Сделав вид, словно ищу что-то в пальто, я вытаскиваю руку и размахиваю перед лицом бывшего средним пальцем с улыбкой на губах. Пусть катятся прямо в ад, я лично помогу доставить каждого члена этой сраной группировки туда.
– Теперь понятно?
Вздыхая, он качает головой. На какой-то момент мне даже кажется, что я улавливаю панику и страх в его небесных глазах, но я больше не так наивна, меня не проведёшь. Я не та Грейси, которую отправили в Америку. Я скорей откручу себе голову, чем пойду за ними. Следом мой посыл получают родители.
– Кажется, моя дочурка плохо понимает по-хорошему, – притворно спокойно улыбается отец, когда мимо проходят люди, оставляя нас одних.
Когда он делает шаг в нашу сторону, я инстинктивно делаю два назад и, замечая это, Арчер хмурится. Ещё бы, ведь он не знает ни о чём, что происходило со мной в нашем идеальном замке.
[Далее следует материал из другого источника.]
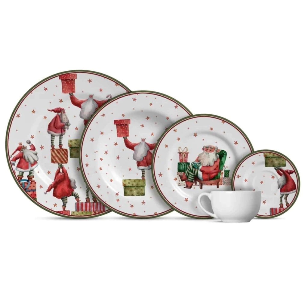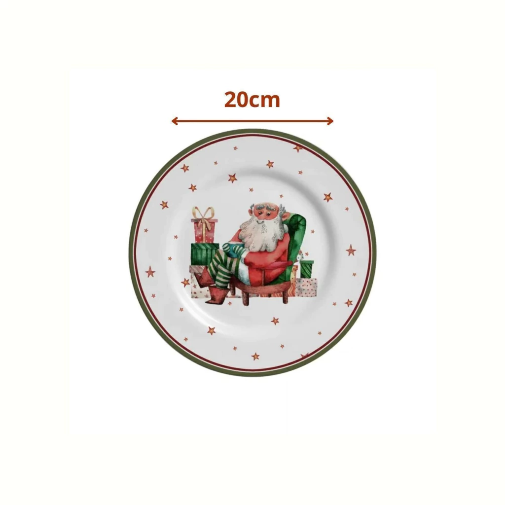 CONJUNTO 6 PRATOS SOBREMESA FATHER CHRISTMAS (ESTAMPA PAPAI NOEL) COLEÇÃO NATAL ALLEANZA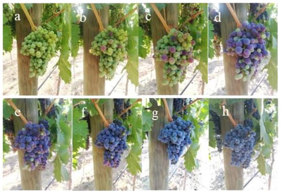 13. Pagay, V.; Cheng, L. Variability in Berry Maturation of Concord and Cabernet Franc in a Cool Climate. Am. J. Enol. Vitic. 2010, 61, 61–67. [Google Scholar] [CrossRef]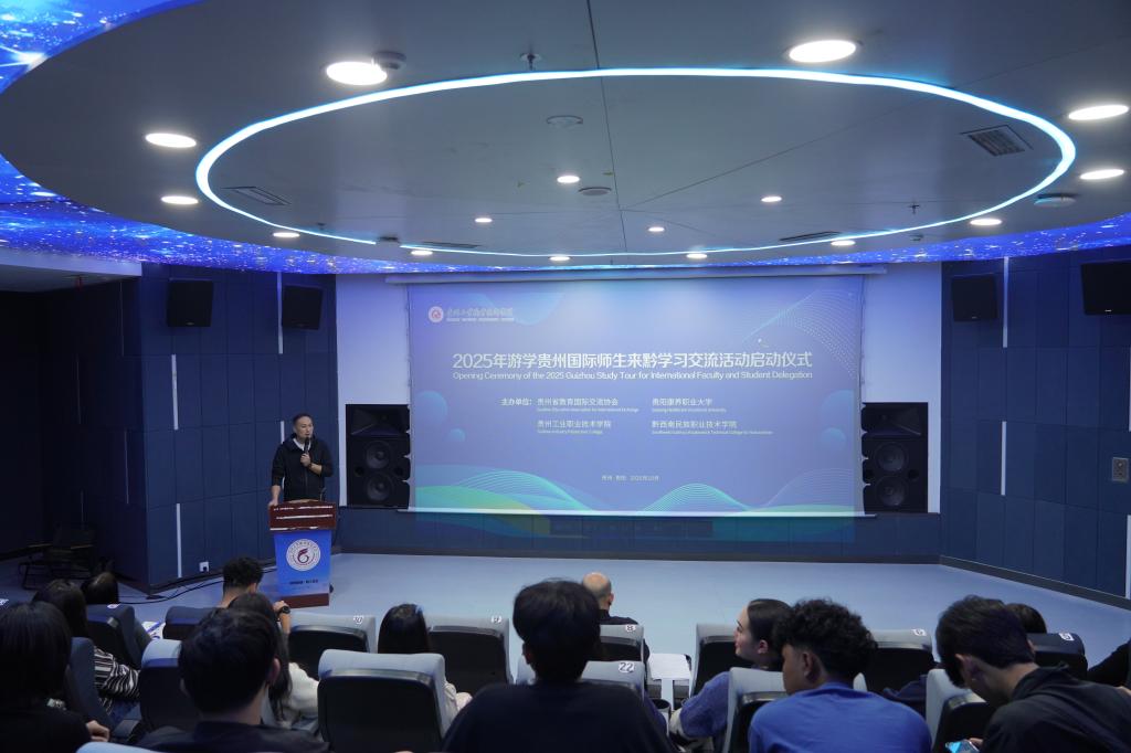 2025年10月20日,泰国职业教育委员会教师Talehafnan、Tanyaluk、Kanoknat率21名优秀学生到访星空web版登录入口,开展“游学贵州”国际学生来黔学习交流活动项目启动仪式。学院党委委员、副院长孙凯出席并致辞,国际教学部主任潘琴主持活动。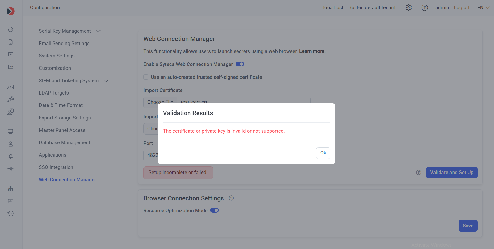 f) If the connection validation and set up fails, the message “Setup incomplete or failed.” is displayed, and the Validation Results pop-window displays one of the following error messages (in which case this issue needs to be fixed before proceeding as described below):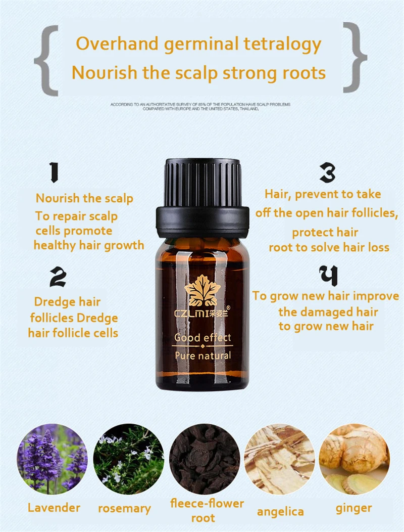 10ml Professional Hair Growth Essence Oil Pure Natural Hair Loss Liquid Dense Hair Fast Sunburst Hair Grow Restoration Pilatory (10ml)
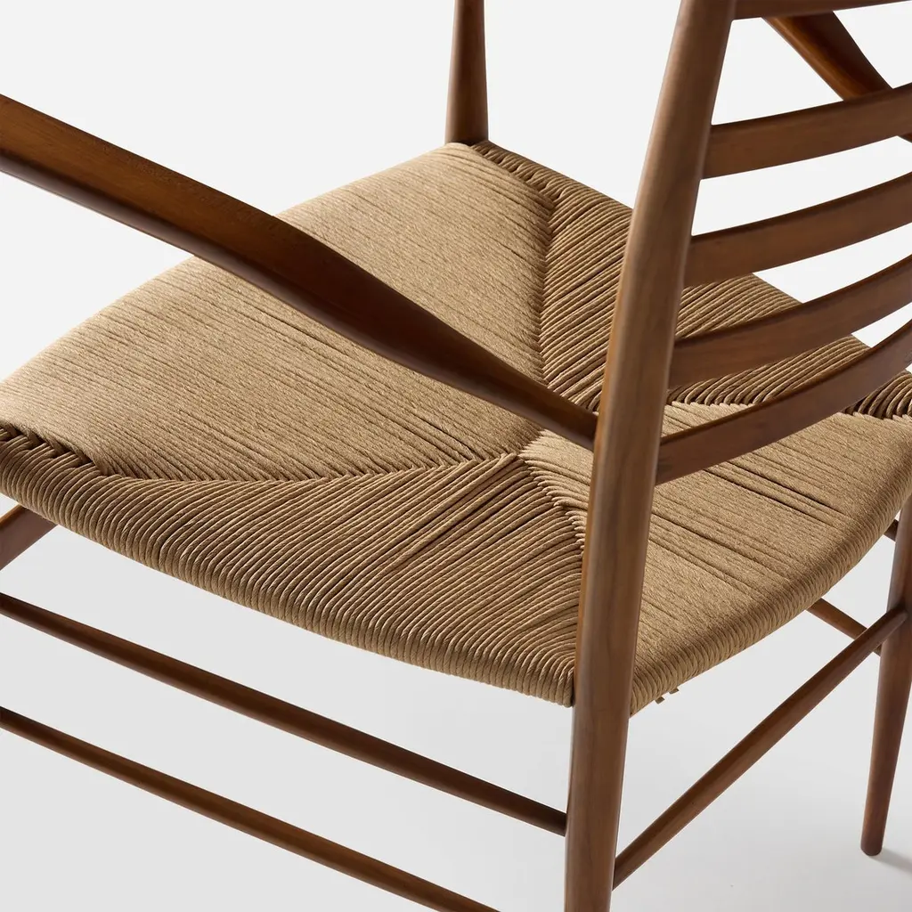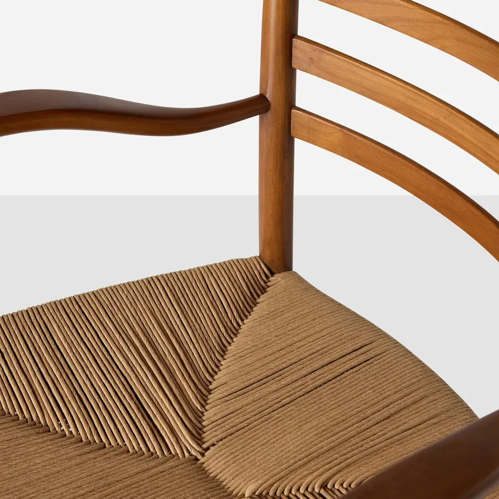 A pair of fully restored ladder back chiavarine arm chairs manufactured in cherry wood, complete with new hand woven paper cord seats. Stamped with the makers mark.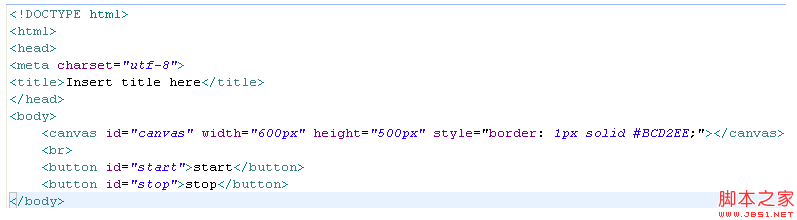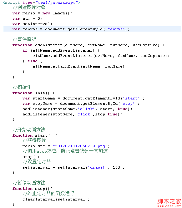 2.新建一個html5文件,此處命名為mario.html,定義canvas元素,開始動畫start按鈕,暫停動畫stop按鈕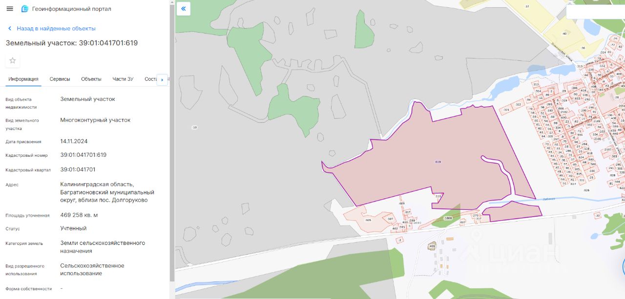 Земельный участок с кадастровым номером 39:01:041701:619, расположенный по адресу: Калининградская область, Багратионовский район, вблизи п. Долгоруково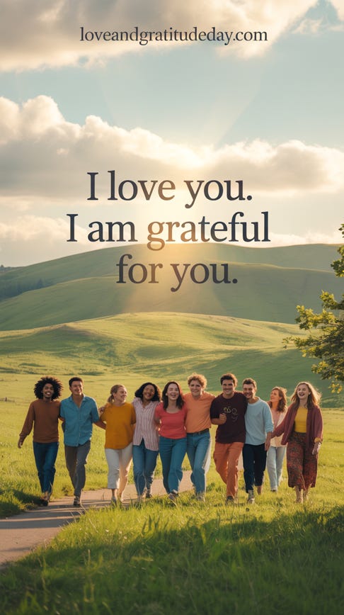 Use the images below or get creative and make your own! (right click to save or share). Make sure to post them on Social Media with the hashtag #LoveandGratitudeDay and help us share love and gratitude with the world!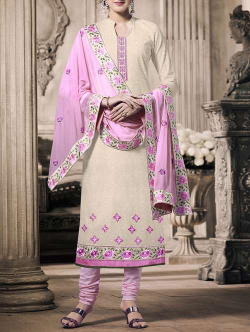 - » cream cotton embroidered dress material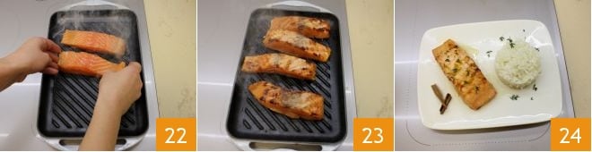 At this point, heat the grill pan very well, then cook the salmon fillets, turning them on each side for about 1 to 1.5 minutes 22, so they remain crispy on the outside and tender and pink on the inside. Once ready 23, place the salmon fillets on a serving plate and plate the pilaf rice using an 8 cm (about 3 inches) mold; finally, you can serve and enjoy the honey-glazed salmon 24.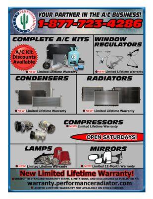 Performance Radiator offers a wide range of automotive components including radiators, condensers, air conditioning units, mirrors, headlights, and taillights. Their commitment to quality is reflected in their detailed warranty information, ensuring customer satisfaction on each order.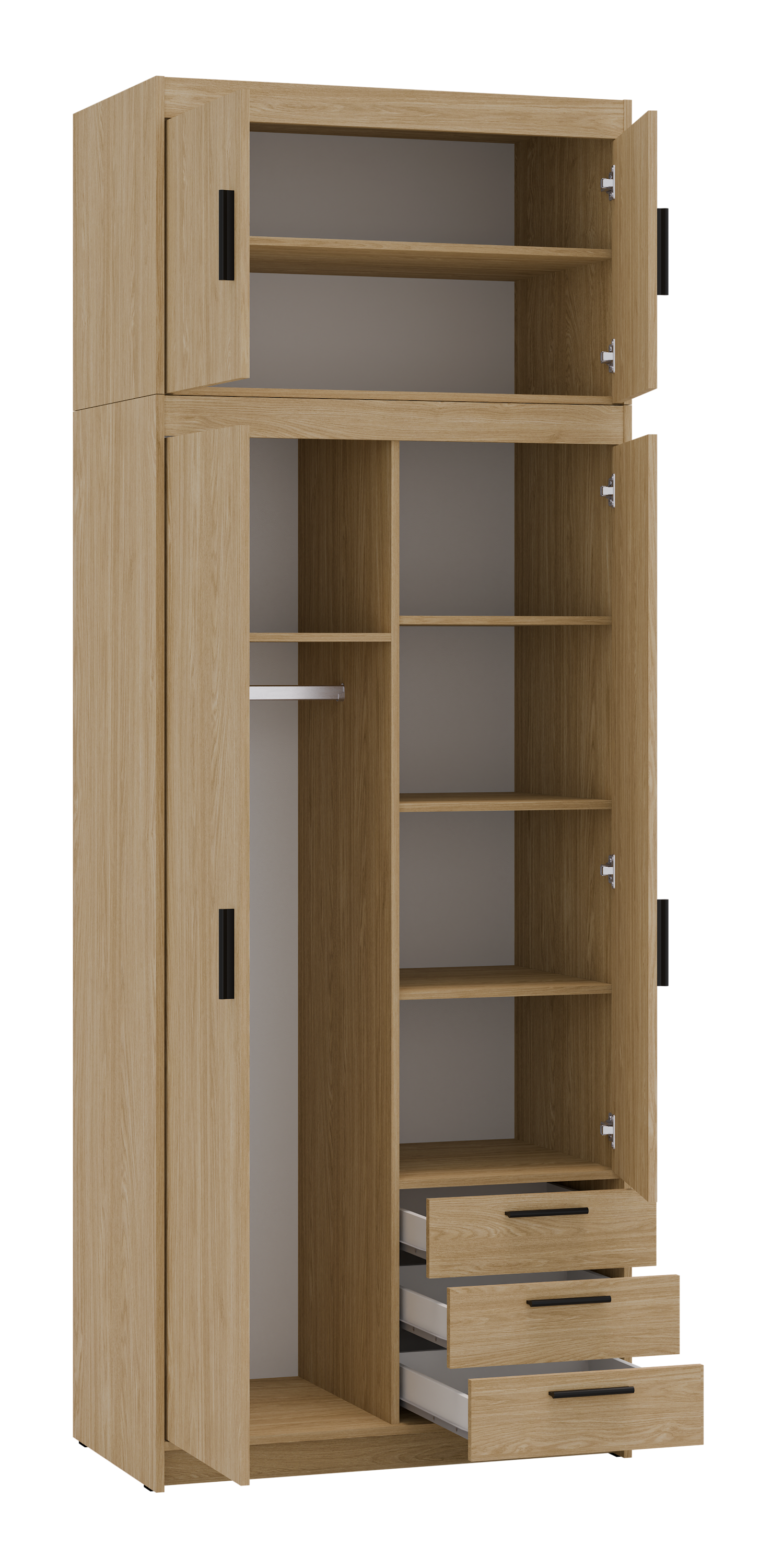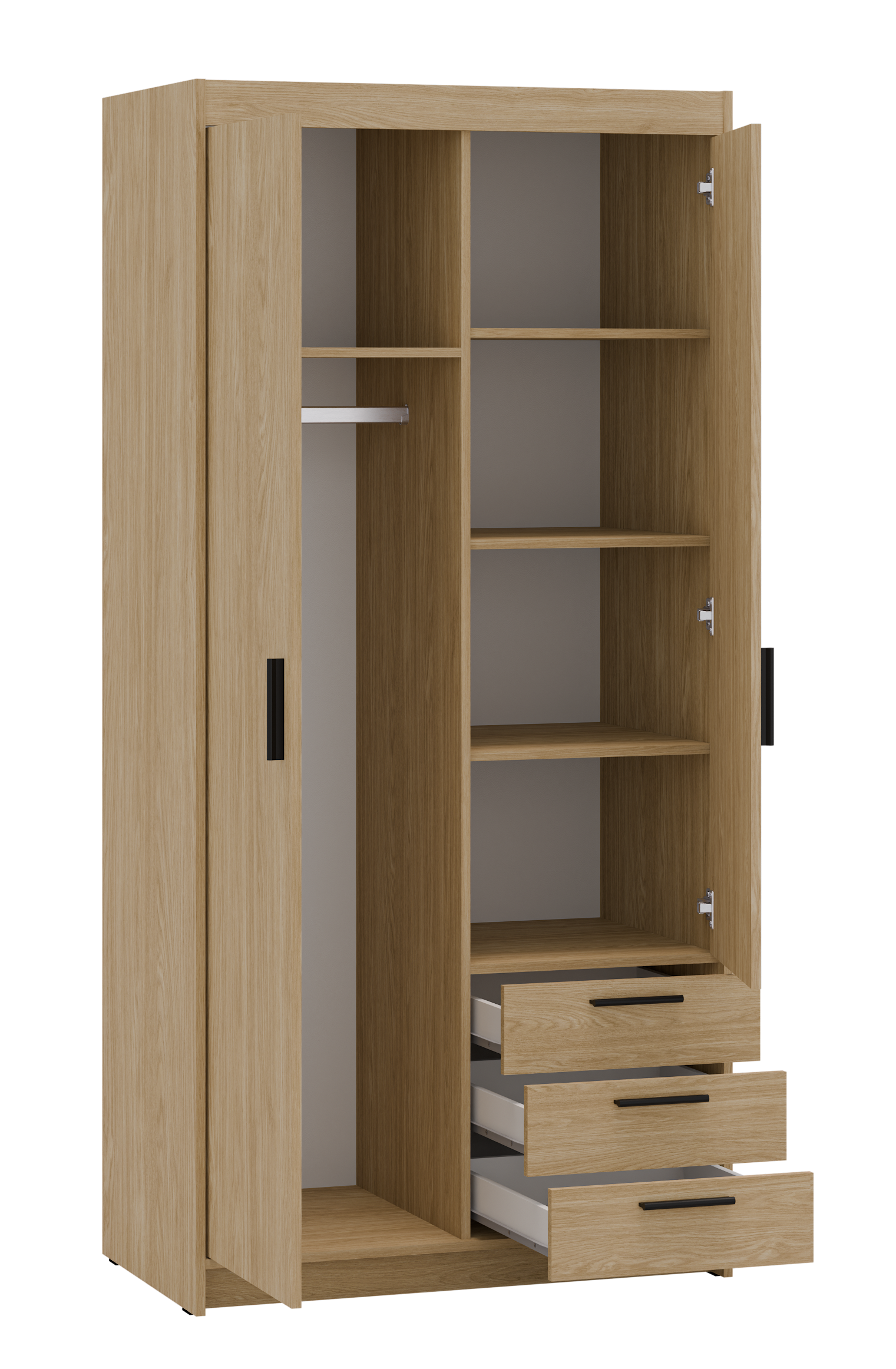 Szukasz eleganckiej i funkcjonalnej szafy do swojej sypialni, przedpokoju, salonu czy pokoju dziecka? Mebel z serii TRINO będzie doskonałym wyborem! Szafy dostępne w różnych szerokościach, kolorach oraz konfiguracjach wnętrza. Dodatkowo do każdej szafy można dokupić nadstawkę co sprawia że zyskujesz dodatkową przestrzeń do przechowywania rzeczy. Garderoba Trino to nie tylko praktyczne rozwiązanie, ale także stylowy element wystroju wnętrza. Nada nowoczesny i elegancki wygląd dzięki trzem modnym kolorom do wyboru: biały, dąb sonoma oraz dąb lefkas. Dostępne już teraz w atrakcyjnej cenie !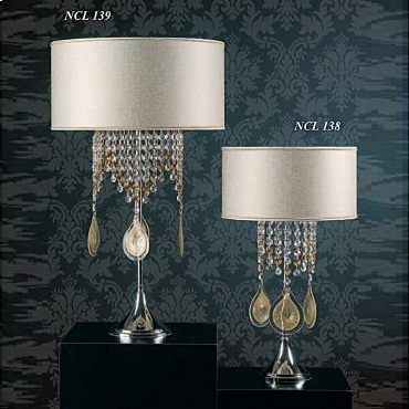 Настольная лампа Jago NCL 139, итальянского производителя Jago. Коллекция светильников произведена из высококачественных материалов по европейским стандартам качества. Настльная лампа с абажуром, муранским стеклом и итальянским хрусталем. Отделка металла - никель. Хрусталь - итальянский. Подвески - муранское стекло. Декор - золотой лист. В светильнике этой серии используется патрон E27, а в качестве источника света - лампочка мощностью 60W.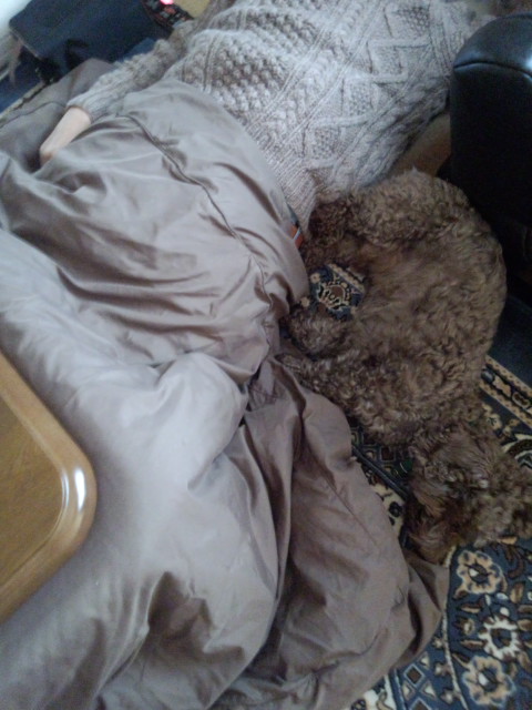 そんな親方様に、今朝留守番させられたティキがひっついて眠ってます(≧∇≦)

– Ты сядешь в эту машину, Грейси, потому что на кону жизнь твоего дворняги, – оголяя белоснежную улыбку, вторит он.
Проглотив ком ужаса, я стараюсь сделать равнодушный вид, но, кажется, дрожь в коленях выдаёт меня. Арчер не мог им сказать. Не может быть. Они не могут знать о Диего.
– А что, в кампусе разрешили заводить животных? – язвлю я, возводя барьер непонимания и защиты.
– Оказывает да, твой дедуля разве тебе не сообщил?
Ему известно о том, что я всё узнала о бабушке с дедушкой? Видимо да, судя на надменной роже отца, словно он выиграл пару мировых воин.
– Да—да, Грейси, я всегда на шаг впереди, а тут, получается, что сразу на три шага.
– Что ты несёшь?
– Я позволил, чтобы ты узнала о них, скажи спасибо. О, да, может, поговорим о твоём наказанном дружке? Как думаешь, ему нравится на свободе?
Парализованная, я чувствую, как по спине сбегают капли пота, смешиваясь с холодом ужаса и страха. На этот раз стена падает к ногам, крушась на мелкие ошмётки.
– А теперь садись в машину, и мы поболтаем.
Со своими словами, отец и мама направляются к своему такому же идеально пафосному и вычурному внедорожнику, а моё сердце медленно перестаёт подавать сигналы кровотоку.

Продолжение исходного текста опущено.